I spent the next week trying to puzzle out what the Blanchards could have done that Becky wouldn’t want anyone to know about. Had they discovered gold or silver? Were they rehearsing a circus act? Or maybe they were plotting to take over the world!
The next Monday the Blanchards stayed home. I was outside with Dad again, helping him replace the porch light. We were nearly done when a car came up the street. I was instantly alert because we live on a dead-end street, and we hardly ever get strange cars on it. Even more mysterious, this car was creeping along at a snail’s pace. As soon as the car passed our driveway, its headlights blinked off. But the car kept on going and stopped just beyond the Blanchard’s house.
I nudged Dad. “Something fishy’s going on here,” I whispered.

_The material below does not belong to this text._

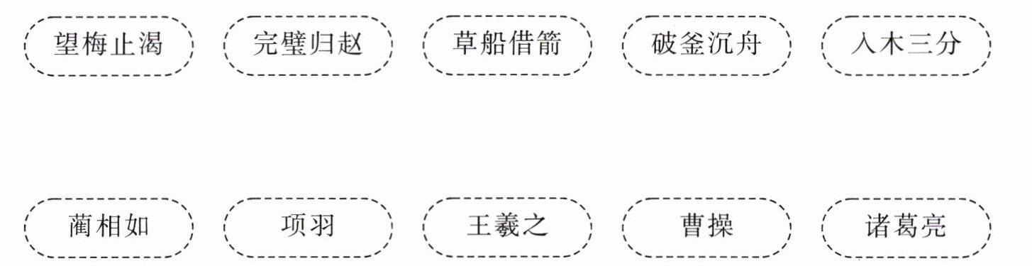 望梅止渴—曹操 完璧归赵—蔺相如 草船借箭—诸葛亮 破釜沉舟—项羽 入木三分—王羲之
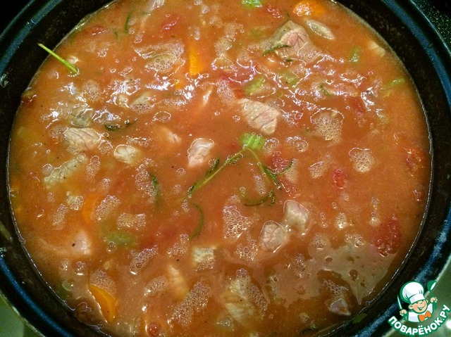 Вливаем эль, томаты в собственном соку, хорошо солит-перчим, добавляем паприку. Даем закипеть, накрываем крышкой и ставим в духовку, разогретую до 200 градусов Цельсия на 2.5-3 ЧАСА! Ориентируйтесь на свою духовку.

We tiptoed to the hedge that divides our property from the Blanchards’ and watched. A figure got out of the car and crept up the driveway to the Blanchard’s porch. He—or she or it—placed something by their door, pressed the doorbell, and scooted down the driveway.
Dad squeezed through the hedge and grabbed the skulker’s jacket. “What are you doing?” he asked.
I squeezed through the hedge, too, and ran up to the door while Dad marched the boy—we could tell that much now—up the driveway behind me.
By the time Dad got to the door, Ben and the rest of his family were crowding around the door, wide-eyed.
“Do you know this boy?” Dad asked.
“It’s Frank Adams,” Mr. Blanchard told us.
Frank was absolutely crimson. He bent down and picked up a plate of cookies. On top of the cookies was a ghost shape cut out of paper. “I just left these,” he explained weakly.
The Blanchards all whooped with laughter. “He was phantoming us!”
“Huh?” Dad and I stared at each other.
“Can I go?” Frank looked desperately at Dad. “Mom’s in the car and probably thinks I’ve been kidnapped.”
Dad let go of Frank’s jacket. “Sorry. I was just trying to watch out for my neighbors,” he said, shaking his head as Frank rushed down the driveway.
I was dying of curiosity. “What was he doing?”
Becky sighed. “Different families in our ward—our church congregation—have been going around on Mondays and secretly leaving treats on other people’s door-steps. We say that the Family Night Phantom left them.”
Dad and I stared at each other again and raised our eyebrows.
“Better cookies than vandalism,” Dad finally said with a shrug.
“I bet that’s what you were doing last week. Right?” I asked Ben.
He nodded, embarrassed.
As Dad and I walked home, I thought again how weird Latter-day Saints were. Who else would leave cookies and stuff at people’s houses without being seen? Crazy!
The next Monday night our doorbell rang. Mom, Dad, and Tina were all watching TV, so I went to see who was there.
Nobody was there! At first I thought it was somebody’s idea of a dumb joke. Then I looked down. The Blanchards had phantomed us! They’d left a plate of brownies and a silly drawing of a ghost.
Nutty, right? Absolutely nutty. But I must say, the brownies were delicious. Maybe family night phantoms aren’t so weird after all.